论文原文:[1810.00826] How Powerful are Graph Neural Networks? (arxiv.org)

英文是纯手打的!论文原文的summarizing and paraphrasing。可能会出现难以避免的拼写错误和语法错误,若有发现欢迎评论指正!文章偏向于笔记,谨慎食用!

1. 省流版

1.1. 心得

        ①Emm, 数学上的解释性确实很强了

        ②他一直在...在说引理

1.2. 论文框架图

2. 论文逐段精读

2.1. Abstract

        ①Even though the occurrence of Graph Neural Networks (GNNs) changes graph representation learning to a large extent, it and its variants are all limited in representation abilities.

2.2. Introduction

        ①Briefly introduce how GNN works (combining node information from k-hop neighbors and then pooling)
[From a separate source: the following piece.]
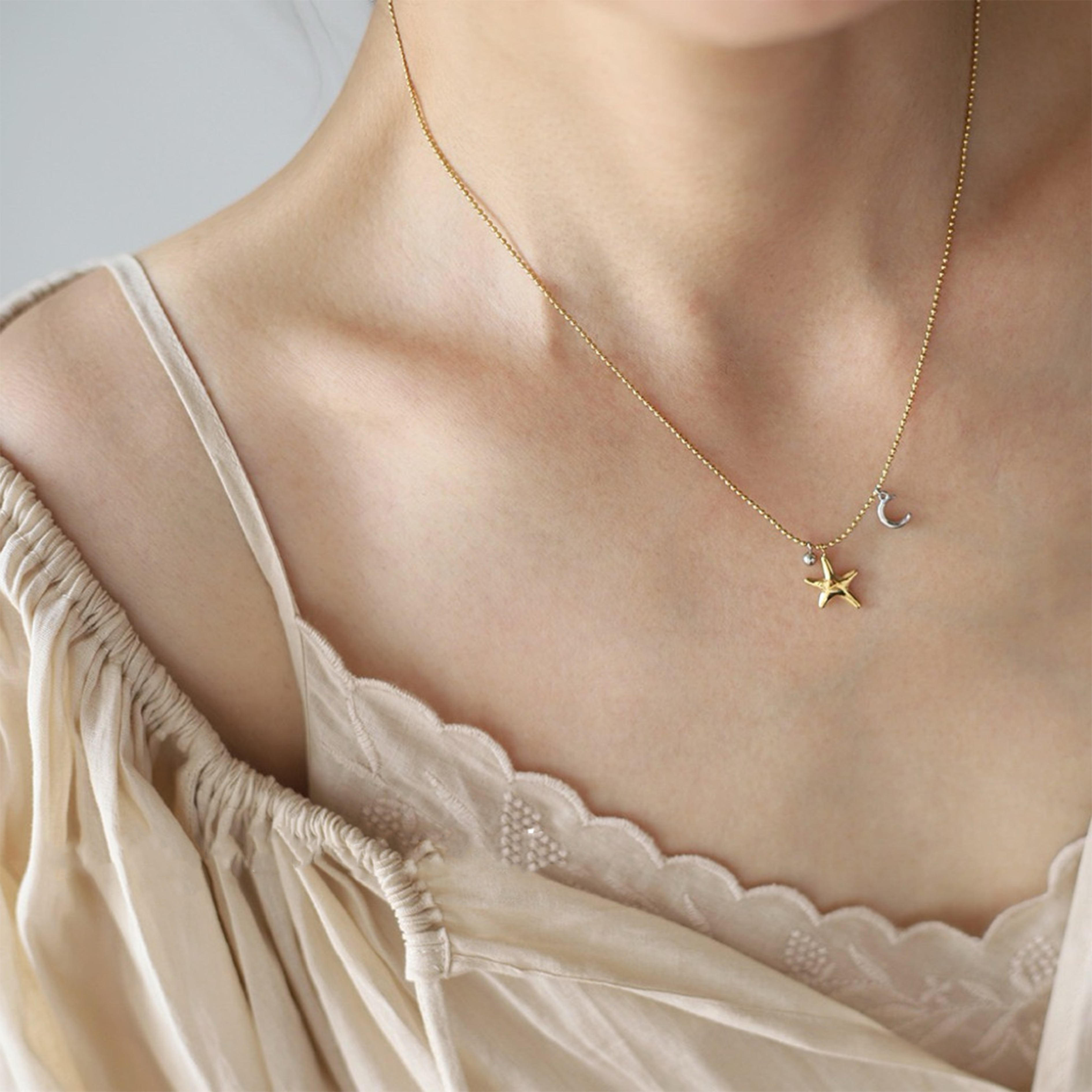 bass春の星月カラーブロックネックレス

        ②The authors hold the view that ⭐ other graph models mostly based on plenty experimental trial-and-errors rather than theoretical understanding

        ③They combine GNNs and the Weisfeiler-Lehman (WL) graph isomorphism test to build a new framework, which relys on multisets

        ④GIN is excellent in distinguish, capturing and representaion

heuristics  n.[U] (formal) 探索法;启发式

heuristic  adj.(教学或教育)启发式的

2.3. Preliminaries

(1)Their definition

        ①They define two tasks: node classicifation with node label y_{v} and graph classification with graph label y_{i},i\in \left \{ 1,2...,N \right \}

(2)Other models

        ①The authors display the function of GNN in the k-th layer:

a_v^{(k)}=\text{AGGREGATE}^{(k)}\left(\left\{h_u^{(k-1)}:u\in\mathcal{N}(v)\right\}\right),\\\quad h_v^{(k)}=\text{COMBINE}^{(k)}\left(h_v^{(k-1)},a_v^{(k)}\right),

where only h_{v}^{(0)} is initialized to X_{v} (其余细节就不多说了,在GNN的笔记里都有)
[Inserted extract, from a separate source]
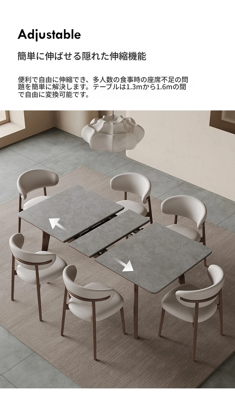 1.3メートルから1.6メートルに伸びる【単一テーブル】

        ②Pooling layer of GraphSAGE, the AGGREGATE function is:

a_v^{(k)}=\text{MAX}\left(\left\{\text{ReLU}\left(W\cdot h_u^{(k-1)}\right),\forall u\in\mathcal{N}(v)\right\}\right)
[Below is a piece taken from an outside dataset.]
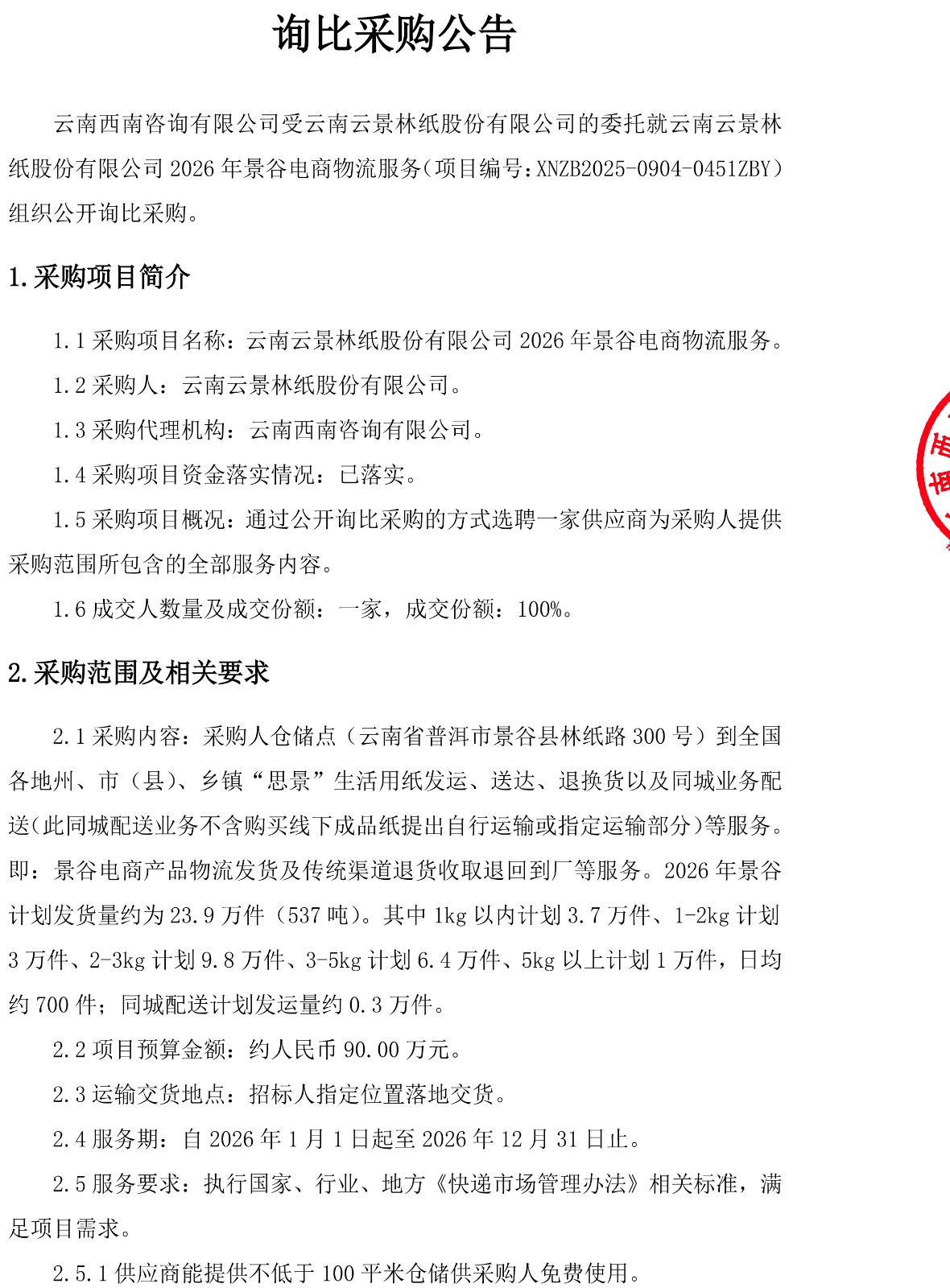 云南云景林紙股份有限公司雙氧水合格供應(yīng)服務(wù)商入圍采購(gòu)項(xiàng)目談判采購(gòu)公告

where MAX is element-wise max-pooling operator;

W is learnable weight matrix;

and followed by concatenated COMBINE and linear mapping W\cdot\left[h_{v}^{(k-1)},a_{v}^{(k)}\right]

        ③AGGREGATE and COMBINE areintegrated in GCN:

h_v^{(k)}=\text{ReLU}\left(W\cdot\text{MEAN}\left\{h_u^{(k-1)},\forall u\in\mathcal{N}(v)\cup\{v\}\right\}\right)

        ④Lastly follows a READOUT layer to get final prediction answer:

h_G=\text{READOUT}\big(\big\{h_v^{(K)}\big|v\in G\big\}\big)

where the READOUT function can be different forms

(3)Weisfeiler-Lehman (WL) test

        ①WL firstly aggregates nodes and their neighborhoods and then hashs the labels (??hash?这好吗)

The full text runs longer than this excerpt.